_What you should do_. From the line that contains "LED Small Oval" to the final line of the records below, print each line exactly and leave every picture out.

_Material provided_.
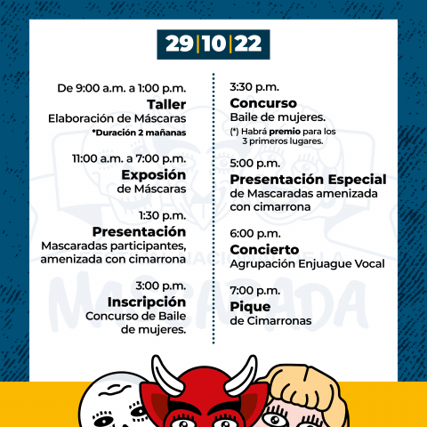 Las actividades se realizarán en el Centro Cultural Herediano Omar Dengo y se extenderán durante todo el fin de semana, son gratuitas y están dirigidas a todas las familias heredianas, entre ellas habrá concursos, baile, talleres, pique de cimarronas exposiciones de máscaras y presentaciones de mascaradas.
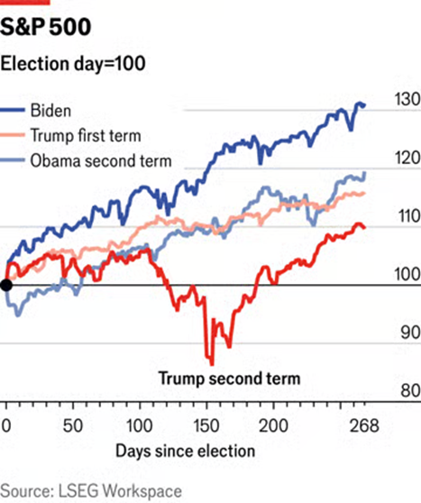 بازارهای سهام: علی‌رغم فضای کلی منفی اقتصاد، بازارهای سهام توانسته‌اند از نوسانات آغاز سال به طور چشمگیری بازیابی شوند و شاخص S&P 500 به سطوح تاریخی خود بازگردد. با این حال، رشد این شاخص در دوره دوم ریاست‌جمهوری ترامپ کمتر از آغاز دوره‌های ریاست‌جمهوری اخیر (از جمله دوره اول خود او) بوده است. موج جدید تعرفه‌ها که در اواخر ژوئیه و اوایل اوت اعلام شد، بر احساسات بازار تأثیر منفی گذاشت؛ به‌طوری که شاخص S&P 500 در آن هفته ۲.۵ درصد افت کرد و بازارهای جهانی سهام نیز روند نزولی در پیش گرفتند.
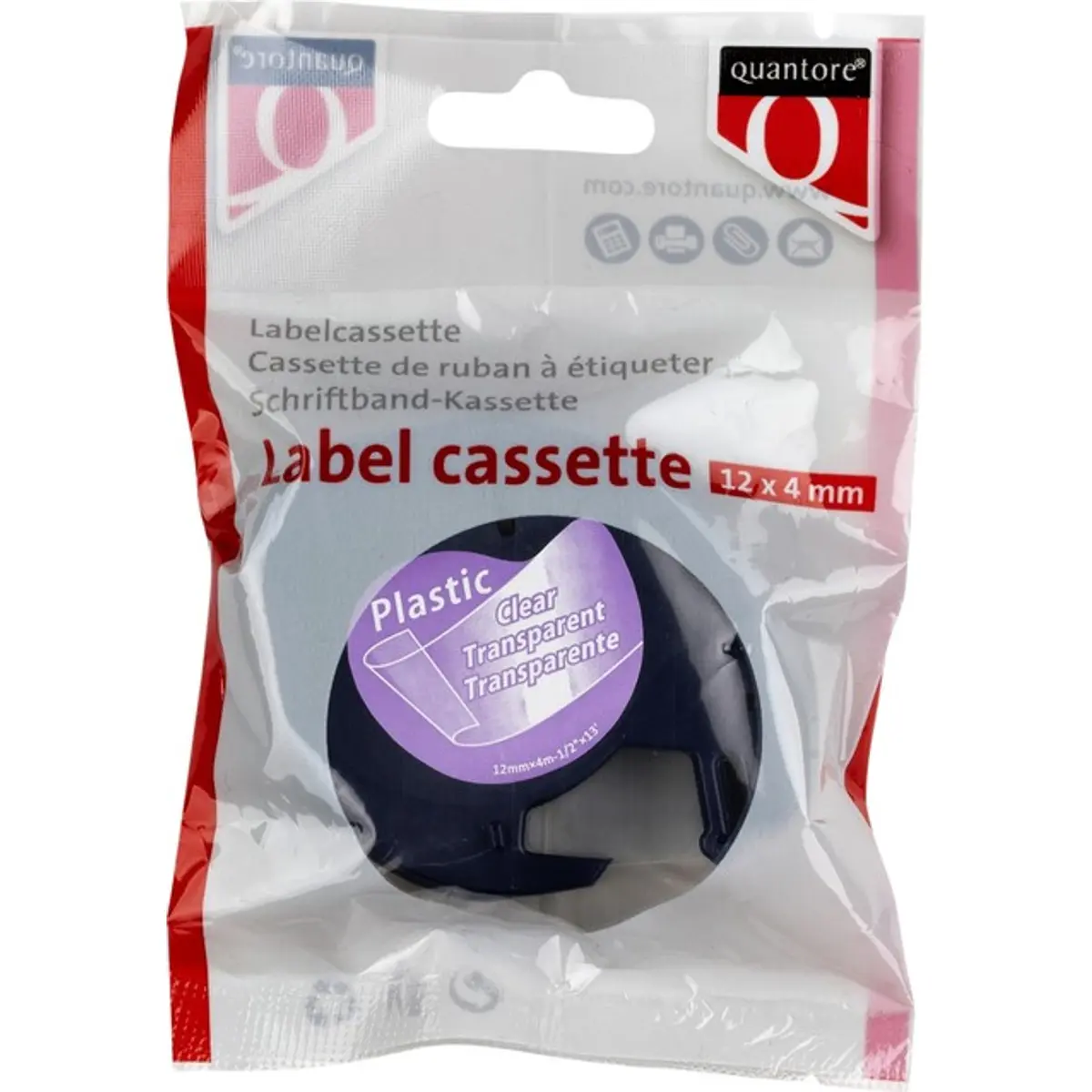 Quantore 931180 - Fita de etiquetar compatível LT 12267 em plástico [Preto sobre Transparente] - 12mm x 4m
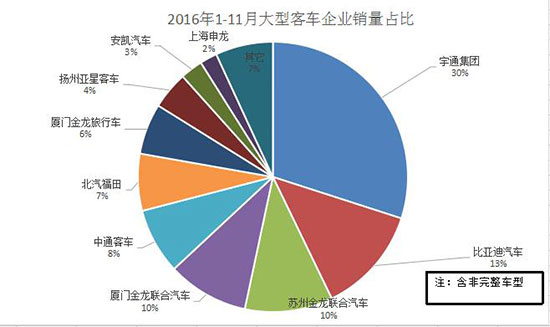 今年前11個月,大型客車產銷7.57萬輛和7.25萬輛,同比增長4.71%和3.43%。在大型客車市場,宇通客車的冠軍地位依舊穩(wěn)固,占據(jù)30%的市場份額。值得一提的是,比亞迪今年在大型客車市場的表現(xiàn)尤為引人側目,前11個月累計同比199.87%的高幅增長,也讓它穩(wěn)坐了2016年大型客車銷量的亞軍寶座,市場份額更是飆升至13%。
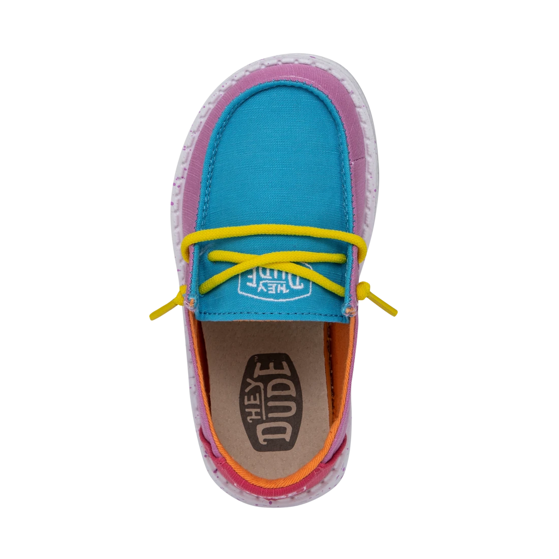 The Hey Dude Wendy Toddler Slub Canvas, Color Block, is the perfect shoe this summer for your little one. A fun bright color block design, brings fun and adventure no matter where the road takes them. Your little one will love all the colors and you will love the all day comfort and lightweight design.
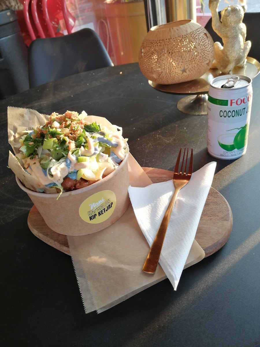 If you're in the mood for something crispy, the Bucket Crispy Hotwings is an excellent choice. These hotwings are golden, crunchy, and perfectly seasoned, making them a crowd favorite. For those who prefer a lighter, yet equally satisfying dish, the Hete Kip Bami Groente brings together spicy chicken with noodles and vegetables, offering a refreshing balance of heat and flavor. If you love spice, don't miss the Bami Met Pikante Kip, a dish that combines savory noodles with spicy chicken, making it a perfect option for heat seekers.
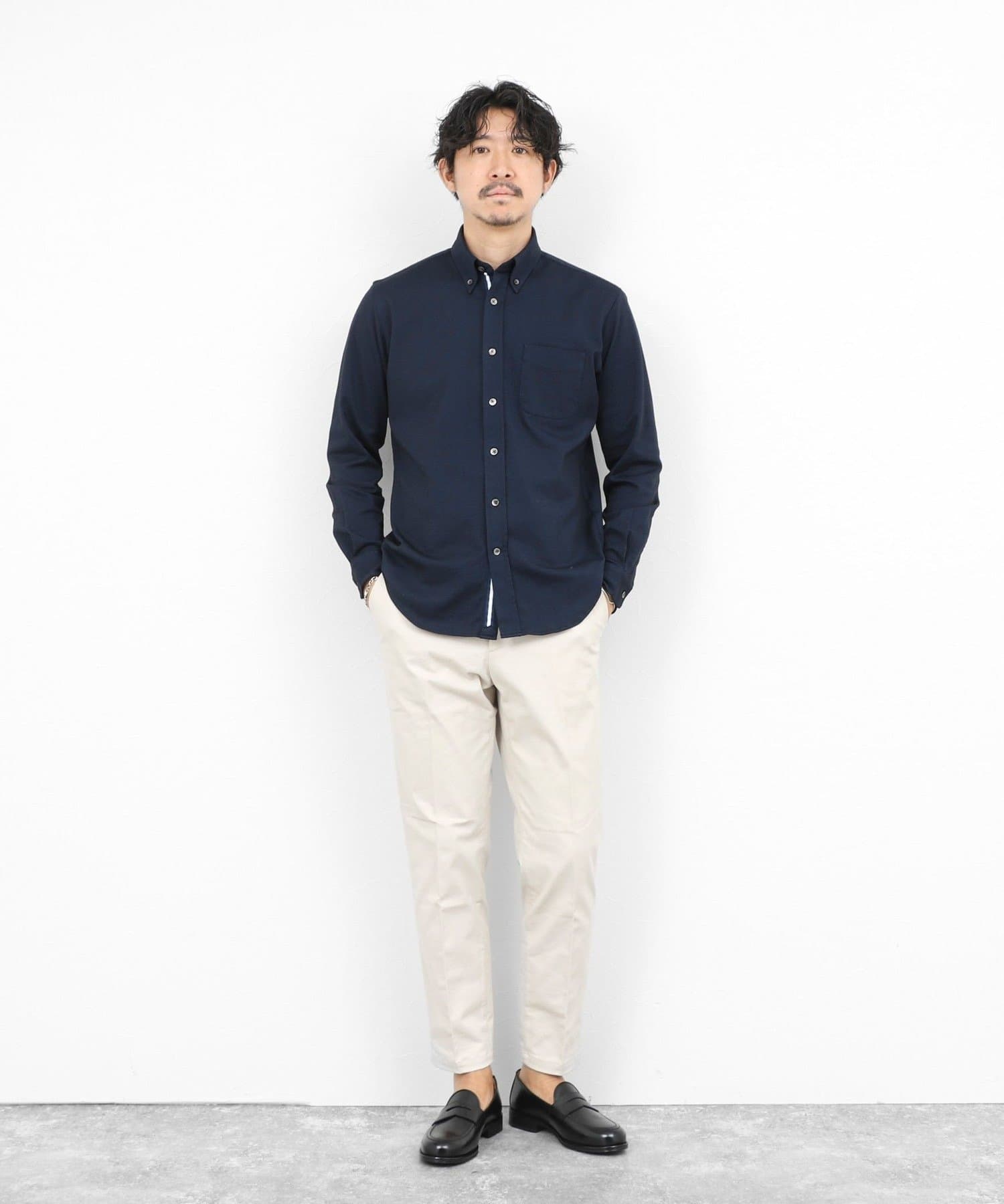 ・チノパンやデニムと合わせてキレイめカジュアルに
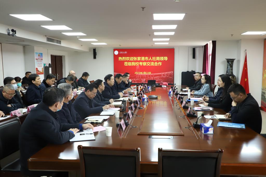 2月22日下午,张家港市人力资源和社会保障局党委书记、局长张毅一行来校就进一步加强校地合作进行对接和交流。QY千亿球友会党委书记王学民出席会议并致欢迎辞,党委常委、副校长戴伟主持会议。
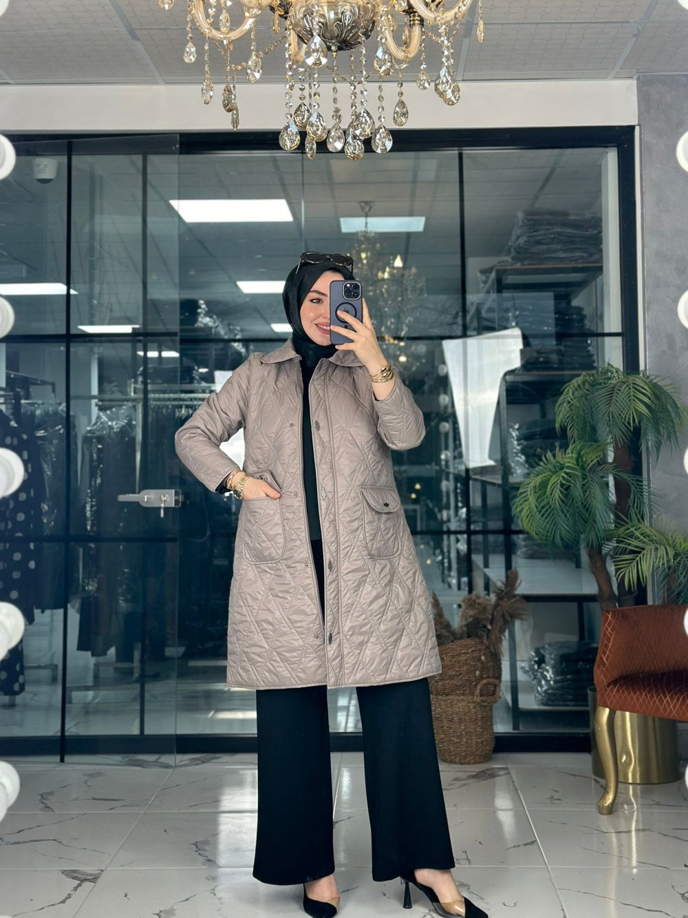 Kumaşı kapitone mont kumaşıdır. Önü çıtçıtlı ve gizli fermuarlıdır.
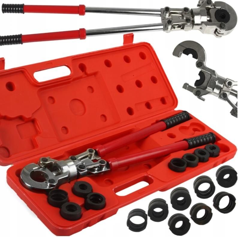 Ręczna praska hydrauliczna do zaciskania złączek na rurach PEX W zestawie razem z 8 matrycami Zaciskarka wyposażona jest w siłownik hydrauliczny pozwalający precyzyjnie i szczelnie zacisnąć złączki z odpowiednią siłą. Głowica obrotowa 360° umożliwia pracę w trudno dostępnych miejscach zwiększając poręczność i uniwersalność praski. Teleskopowe rękojeści umożliwiające zmianę długości co pozwala na zmniejszenie siły koniecznej do zakucia złączki. Możliwość szybkiej zmiany matryc pozwala znacznie przyspieszyć prace. W zestawie z zaciskarką komplet najpopularniejszych rozmiarów matryc Typu U: 16 mm 20 mm 25 mm 32 mm Oraz matryc Typu TH 16 mm 20 mm 26 mm 32 mm Uniwersalność i wszechstronność zastosowań W zestawie komplet najpopularniejszych matryc umożliwia dobranie odpowiedniej matrycy do potrzeb. Dodatkowo obracana głowica o 360 stopni oraz regulowana długość ramion pozwalają uzyskać dostęp do miejsc z ciężkim podejściem. Zawartość zestawu zaciskarka matryce typu U: 16 mm / 20 mm / 25 mm / 32 mm matryce typu TH: 16 mm / 20 mm / 26 mm / 32 mm poręczna walizka z uchwytem Obracana głowica o 360 stopni
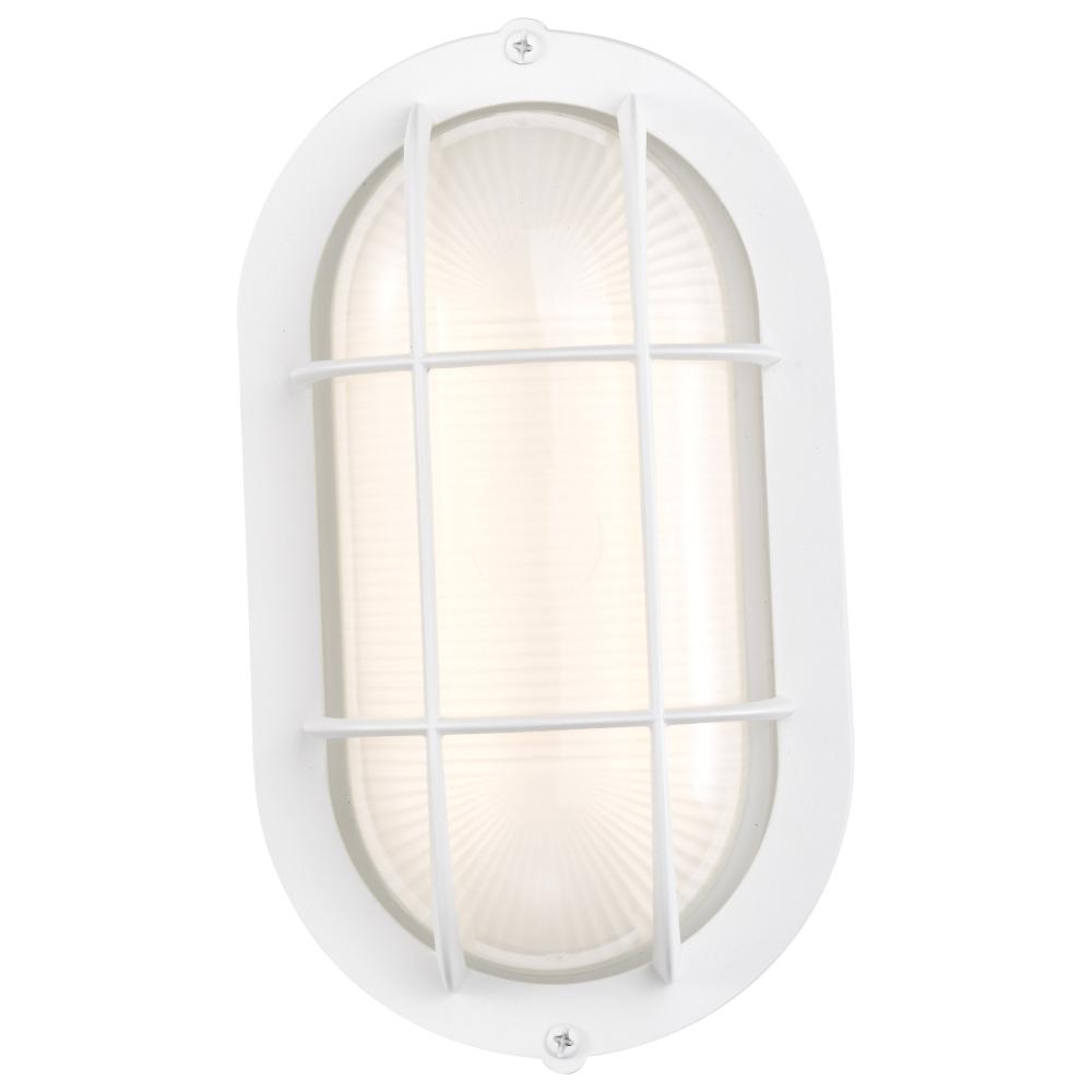 LED Small Oval Bulk Head Fixture; White Finish with White Glass
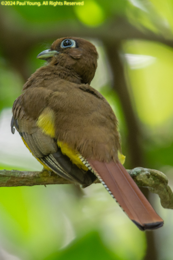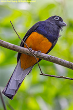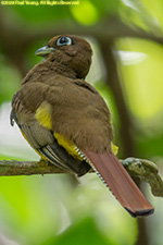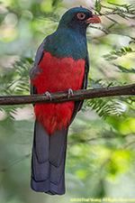 Trogons are related to quetzals. They gnaw holes in trees or termite nests to make their nests, and have broad bills and weak legs.

_Answer to this task_.
 LED Small Oval Bulk Head Fixture; White Finish with White Glass
 Trogons are related to quetzals. They gnaw holes in trees or termite nests to make their nests, and have broad bills and weak legs.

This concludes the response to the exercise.